As an expert in tourism and destination marketing, Ideawörks has not only left a mark on downtown Pensacola but also works to shine a light on cultural offerings and attract tourists to the downtown center. From massive public art projects and installations like the Umbrella Sky Installation, Cubed and the Jefferson Street parking garage mural to highly orchestrated creative campaigns directed at feeder markets, tourism is always a priority for Ideawörks. One such campaign, “Send Your Self(ie) To Pensacola,” set up live-streamed selfie booths in four major cities with direct flights to Pensacola at the Nashville Airport, Houston’s Memorial City Mall, the Chicago Air & Water show and Baltimore’s Star Spangled Spectacular to increase engagement on the Visit Pensacola website and spark travel interest to Pensacola.

“Tourism is such a big part of our livelihood, just like the military, and they’re all interconnected. What I believe is that when we bring people downtown, we’re also driving people to visit the beach, Perdido Key and surrounding areas, so we always cross promote,” Sjöberg said. “Those downtown-focused projects are so fulfilling to work on and see the growth of downtown. We’ve worked with the Downtown Improvement Board and Palafox Market for years, which is now in its 14th year. It started out as just a little roadside market with a handful of vendors. And now look at it—the nearly 5,000 people a weekend who come downtown don’t just shop at the market, they also visit bars, restaurants and shops downtown. Back in the 80s and 90s, stores weren’t even open on Saturday downtown, so that goes to show how much downtown has grown and changed.”

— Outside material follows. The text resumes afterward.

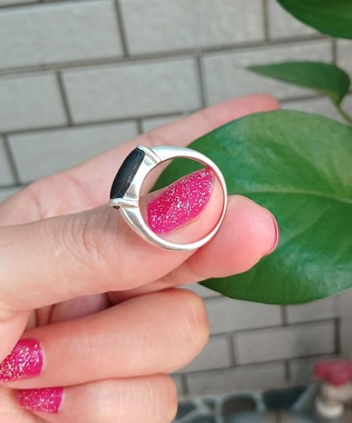 Nhẫn bạc Nữ đính xà cừ, viên nằm ngang, form độc, cực sang

Whether they’re marketing a city or government agency, writing grants for public art installations, building a website and marketing for a new business or orchestrating special events and destination tourism projects, one thread that unites Ideawörks’ projects are the details and special touches they weave in for all of their clients.

“We always try to build something special and put a personal touch on every project—even if it’s a hidden Easter egg on a website that gives our clients and guests a surprise when they find it,” Sjöberg explained. “The owner of The 5 Barrel brewery is a chess lover, so if you go to The 5 Barrel’s website, you’ll find a little chess rook at the bottom of the page that opens a virtual game of chess when you click on it. On Park Pensacola’s website, if you click the ‘Find My Car’ icon, the song ‘Big Yellow Taxi’ starts playing on YouTube. We always want that human element, even on a parking website, so that when people find it, they say, ‘I can’t believe you did this!’”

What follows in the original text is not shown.